「ネットなんて見ないけど、まったくの事実無根。コメントする立場にありません!」
“都議会のドン”の事務所はカンカンになって一方的に電話を切った。怒りの矛先は元都知事の衝撃の告発である。
ニュースサイト「News Picks」は13日夜、〈猪瀬直樹が語る「東京のガン」〉と題したインタビュー記事を掲載。2011年7月に自民都議が“ドン”のいじめに遭い、自殺に追い込まれた――という内容だ。猪瀬氏が爆弾発言を炸裂させた。
名指しで攻撃されたのは自民の内田茂都議(77)。05年から都連幹事長に君臨する“ドン”だ。自殺した都議とは当時、葛飾区選出の樺山卓司氏(享年63)。5期務めたベテランだった。
猪瀬氏はこれが証拠とばかりにインタビュー記事の掲載に合わせ、自身のツイッターに樺山氏の「遺書」を投稿(写真左)。「父は憤死した」と連絡してきた娘にみせてもらったという。〈人間性のひとかけらもない内田茂。来世では必ず報服(ママ)します!〉などと壮絶な殴り書きが確認できるが、当時から都議会の一部では“抗議の自殺”と囁かれていた。
「当時は民主党政権下で、都議会の議席は与野党拮抗。自民は民主都議を激しく切り崩し、11年4月の補選の結果、民主所属の議長を除けば、野党をようやく1議席上回った。
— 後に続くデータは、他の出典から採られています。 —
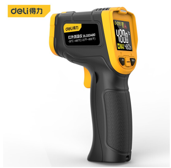得力DL333480红外测温仪彩屏-30℃~480℃(黄)

その直後に樺山氏が命を絶って、再び野党に実質的な過半数を奪い返されたのです」
多数派工作を担ったのは内田氏だ。落選中も都連幹事長に居座る“ドン”に「現職じゃないクセに」と、不快感を覚える同僚もいたという。
自殺から5年。恨みをつづった遺書の噂はくすぶっていたが、まさか、かつての東京都のトップが暴露するとは……。猪瀬氏は自殺の経緯を「学校のいじめ」に例え、〈都議会議員の集まりの中で嫌がらせ的に罵倒されたり、議長になれたのにならせてもらえなかったり、ギリギリといじめ抜かれた〉と語った。
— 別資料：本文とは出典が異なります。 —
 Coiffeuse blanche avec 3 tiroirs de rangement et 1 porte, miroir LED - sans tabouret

都知事選の告示前日の自民党都連への“爆弾投下”は敵対する小池百合子を大いに喜ばせただろう。インタビューでも小池氏に「期待したい」とエールを送った猪瀬氏は、徳洲会5000万円事件で公民権停止中の身だ。小池氏が都知事になっても副知事などの公職には就けない。“ドン降ろし”のためなら無償ボランティアも覚悟か。
地方政治は、特に、ごね得の世界。
自分の主張を言って、通らなければ拗ねて、声を荒げて押し通し、人の足を引っ張り始めて、最後は、罵倒し、恫喝する。
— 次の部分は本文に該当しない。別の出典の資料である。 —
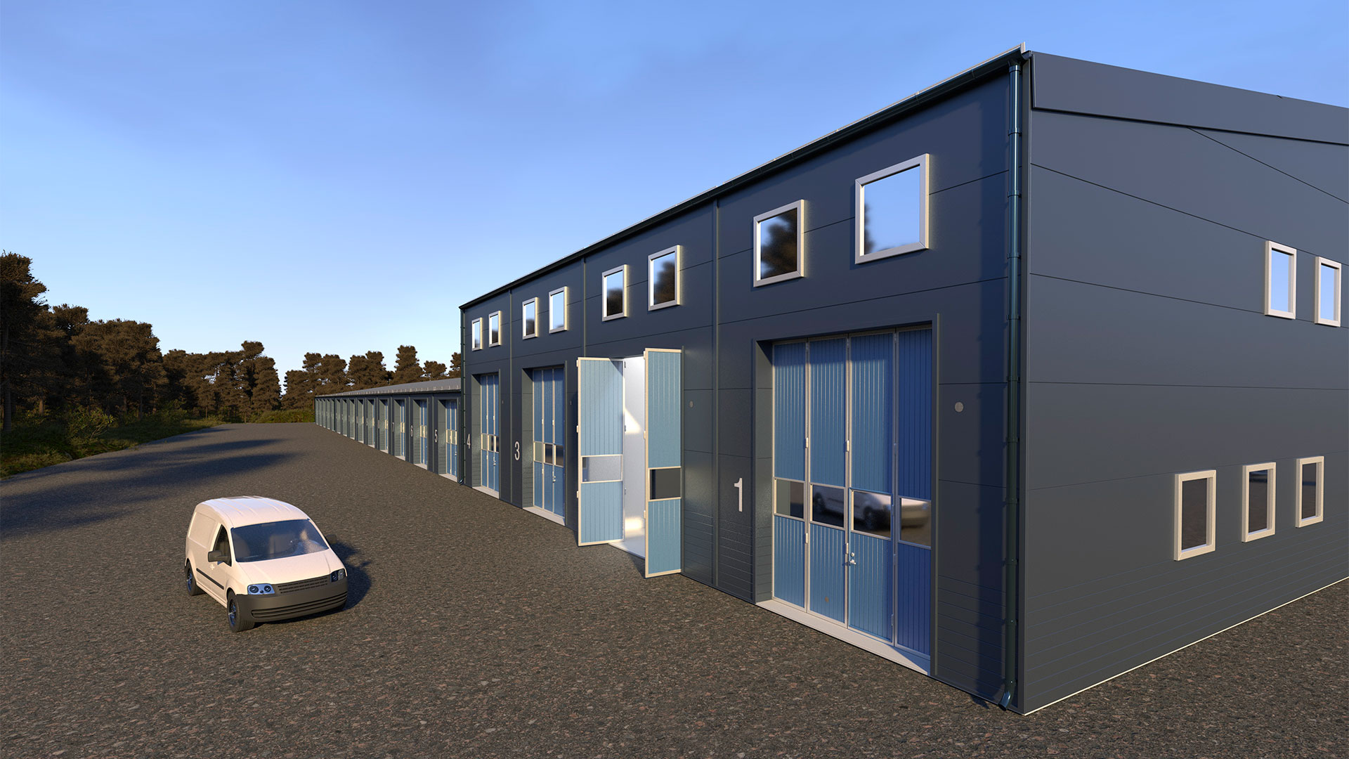 Lokalen består av en yta där du som ägare har full frihet att sätta din egen prägel på just din egna del. Varje lokal är ca 70 kvm. Lokalen byggs som en modul om ca 12×6 m och uppförs med två olika takhöjder, antingen ca 4 m vid porten och upp till ca 6 m längst in i lokalen alternativt ca 6 m vid porten och ca 8 m längst in i lokalen. Den generösa takhöjden ger utrymme att bygga ett entresolplan, vilket gör att den disponibla ytan maximeras och kan rymma ytterligare ett rum eller öka förvaringsmöjligheterna. Varje lokal förbereds för att kunna installera wc och handfat samt med möjlighet att även inreda dusch och pentry. Kommunalt VA och golvbrunn med gemensam oljeavskiljare ingår i priset och det finns förberett för el till varje fastighet. Front med vikport 4 x 3,6 m eller 4 x 4,5 m med dörr i dörr och fönster för ökat ljusinsläpp. Väggarna är naturligtvis isolerade. Smart Yta kommer även förbereda och asfaltera vägen fram och området runt om byggnaden.

そんなことがまかり通るのは、評価権限を持つのが、組織外部の有権者ゆえ。外づらさえ良ければ、選挙に当選し、期数を重ね、こんな歪んだ権限が増長されていく。国政のように風にも流されない。
期数の若い議員で、先を考える人達は、それを見て見ぬ振りをしながら、台風が通り過ぎるのを待つつもりで、知らぬうちに牙を抜かれていく。